▶ What is needed
Look through the records below for the line holding "原裝正品軸流ebm風(fēn". Write it out exactly, with each following line through the line holding "Ciekawe, która heatmapa".

▶ Extracted information

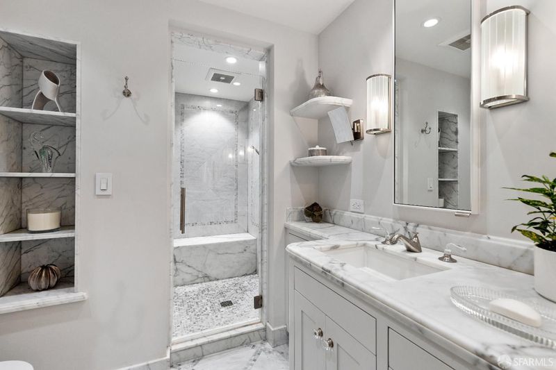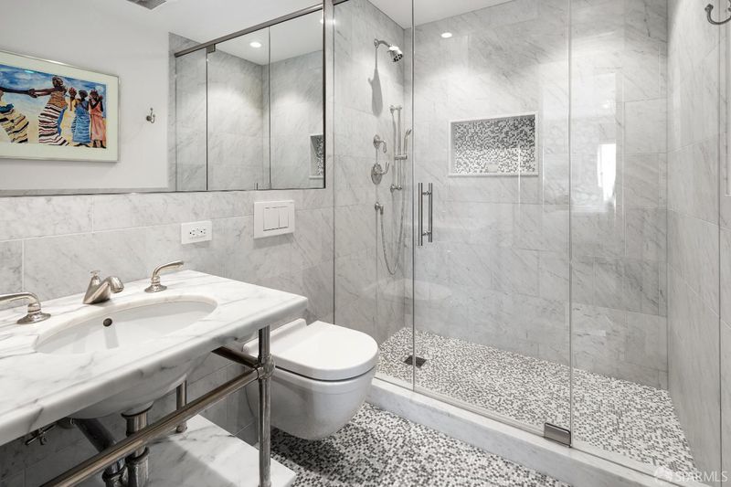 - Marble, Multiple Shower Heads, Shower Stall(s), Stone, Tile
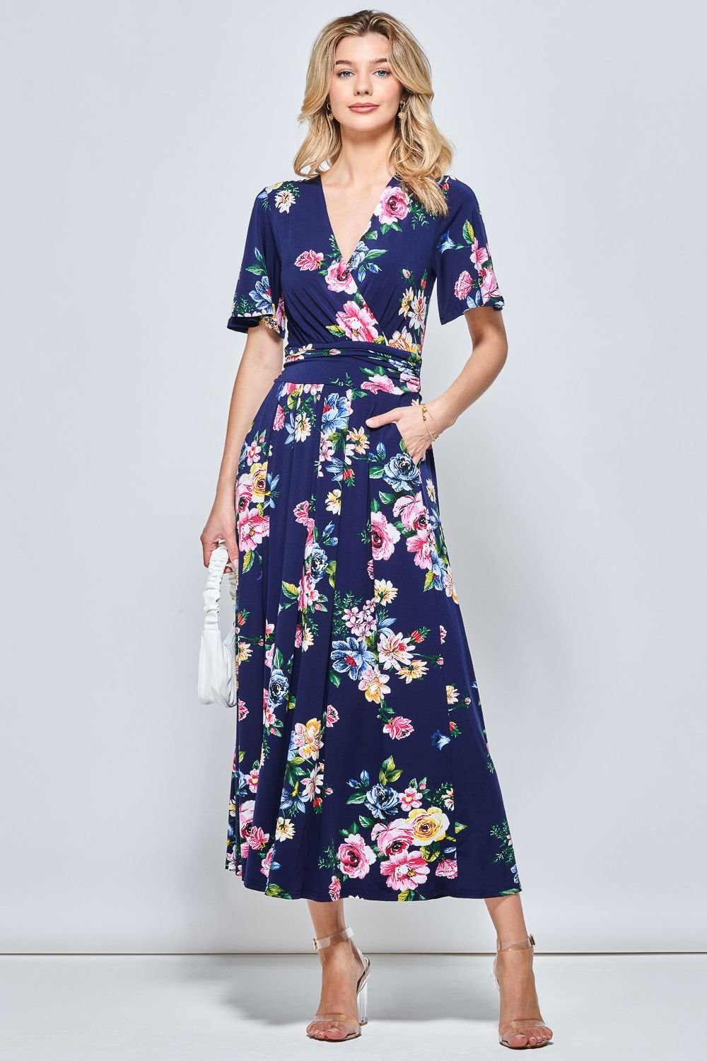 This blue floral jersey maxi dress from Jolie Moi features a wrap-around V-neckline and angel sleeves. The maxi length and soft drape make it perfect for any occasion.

==

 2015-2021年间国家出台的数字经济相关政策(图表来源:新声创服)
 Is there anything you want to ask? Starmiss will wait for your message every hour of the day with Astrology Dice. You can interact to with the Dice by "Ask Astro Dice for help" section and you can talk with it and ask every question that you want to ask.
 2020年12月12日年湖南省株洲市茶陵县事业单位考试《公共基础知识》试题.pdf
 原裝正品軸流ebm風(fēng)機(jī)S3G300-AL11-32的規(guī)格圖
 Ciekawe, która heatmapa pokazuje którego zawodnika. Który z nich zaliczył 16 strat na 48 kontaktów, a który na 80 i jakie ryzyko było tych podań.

▶ Solution to this task
 原裝正品軸流ebm風(fēng)機(jī)S3G300-AL11-32的規(guī)格圖
 Ciekawe, która heatmapa pokazuje którego zawodnika. Który z nich zaliczył 16 strat na 48 kontaktów, a który na 80 i jakie ryzyko było tych podań.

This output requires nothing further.